## Task to carry out
Please return the full listing word for word, leaving out any pictures.

## Data excerpt

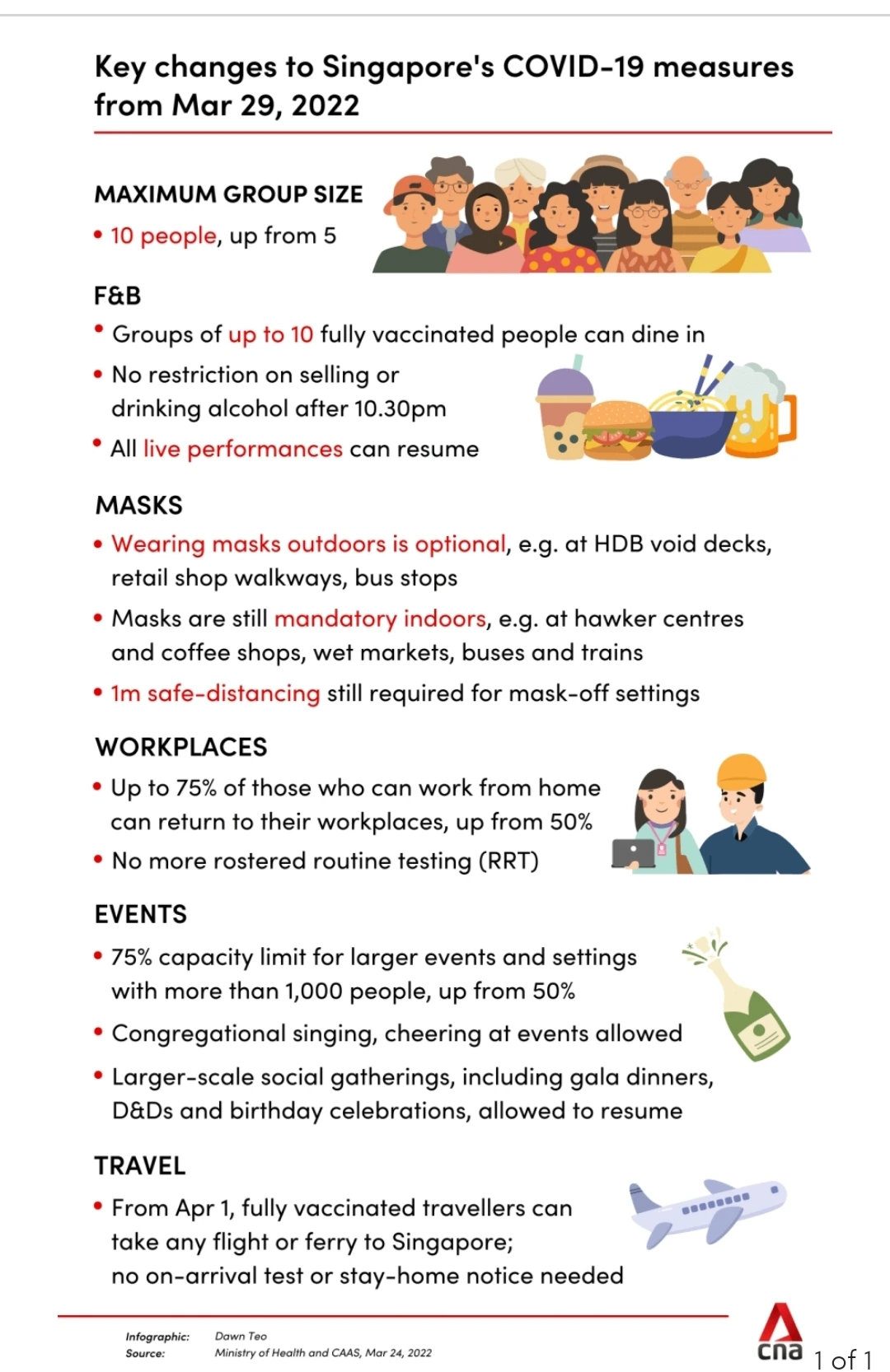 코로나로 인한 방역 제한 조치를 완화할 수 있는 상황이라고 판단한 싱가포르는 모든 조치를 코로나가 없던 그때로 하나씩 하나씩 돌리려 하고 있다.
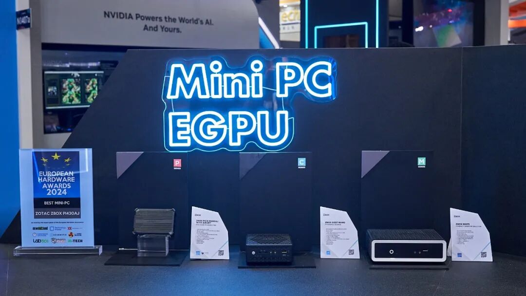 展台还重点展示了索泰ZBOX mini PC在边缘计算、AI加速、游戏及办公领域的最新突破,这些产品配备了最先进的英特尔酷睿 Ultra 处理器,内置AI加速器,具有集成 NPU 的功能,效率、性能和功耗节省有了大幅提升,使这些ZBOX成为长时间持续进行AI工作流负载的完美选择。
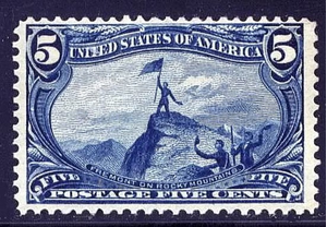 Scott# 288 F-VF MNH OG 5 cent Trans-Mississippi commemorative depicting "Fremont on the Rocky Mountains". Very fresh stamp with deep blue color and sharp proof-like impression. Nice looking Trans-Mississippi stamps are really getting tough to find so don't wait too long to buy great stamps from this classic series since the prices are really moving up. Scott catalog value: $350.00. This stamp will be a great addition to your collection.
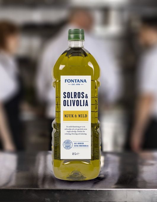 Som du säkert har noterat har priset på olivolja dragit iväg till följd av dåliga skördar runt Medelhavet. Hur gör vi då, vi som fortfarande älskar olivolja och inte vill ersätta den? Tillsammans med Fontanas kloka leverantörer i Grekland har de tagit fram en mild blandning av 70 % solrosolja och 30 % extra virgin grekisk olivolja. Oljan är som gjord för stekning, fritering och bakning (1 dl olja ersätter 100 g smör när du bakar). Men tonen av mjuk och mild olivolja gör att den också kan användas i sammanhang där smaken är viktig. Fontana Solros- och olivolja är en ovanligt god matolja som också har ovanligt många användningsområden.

## Response to this exercise
 코로나로 인한 방역 제한 조치를 완화할 수 있는 상황이라고 판단한 싱가포르는 모든 조치를 코로나가 없던 그때로 하나씩 하나씩 돌리려 하고 있다.
 展台还重点展示了索泰ZBOX mini PC在边缘计算、AI加速、游戏及办公领域的最新突破,这些产品配备了最先进的英特尔酷睿 Ultra 处理器,内置AI加速器,具有集成 NPU 的功能,效率、性能和功耗节省有了大幅提升,使这些ZBOX成为长时间持续进行AI工作流负载的完美选择。
 Scott# 288 F-VF MNH OG 5 cent Trans-Mississippi commemorative depicting "Fremont on the Rocky Mountains". Very fresh stamp with deep blue color and sharp proof-like impression. Nice looking Trans-Mississippi stamps are really getting tough to find so don't wait too long to buy great stamps from this classic series since the prices are really moving up. Scott catalog value: $350.00. This stamp will be a great addition to your collection.
 Som du säkert har noterat har priset på olivolja dragit iväg till följd av dåliga skördar runt Medelhavet. Hur gör vi då, vi som fortfarande älskar olivolja och inte vill ersätta den? Tillsammans med Fontanas kloka leverantörer i Grekland har de tagit fram en mild blandning av 70 % solrosolja och 30 % extra virgin grekisk olivolja. Oljan är som gjord för stekning, fritering och bakning (1 dl olja ersätter 100 g smör när du bakar). Men tonen av mjuk och mild olivolja gör att den också kan användas i sammanhang där smaken är viktig. Fontana Solros- och olivolja är en ovanligt god matolja som också har ovanligt många användningsområden.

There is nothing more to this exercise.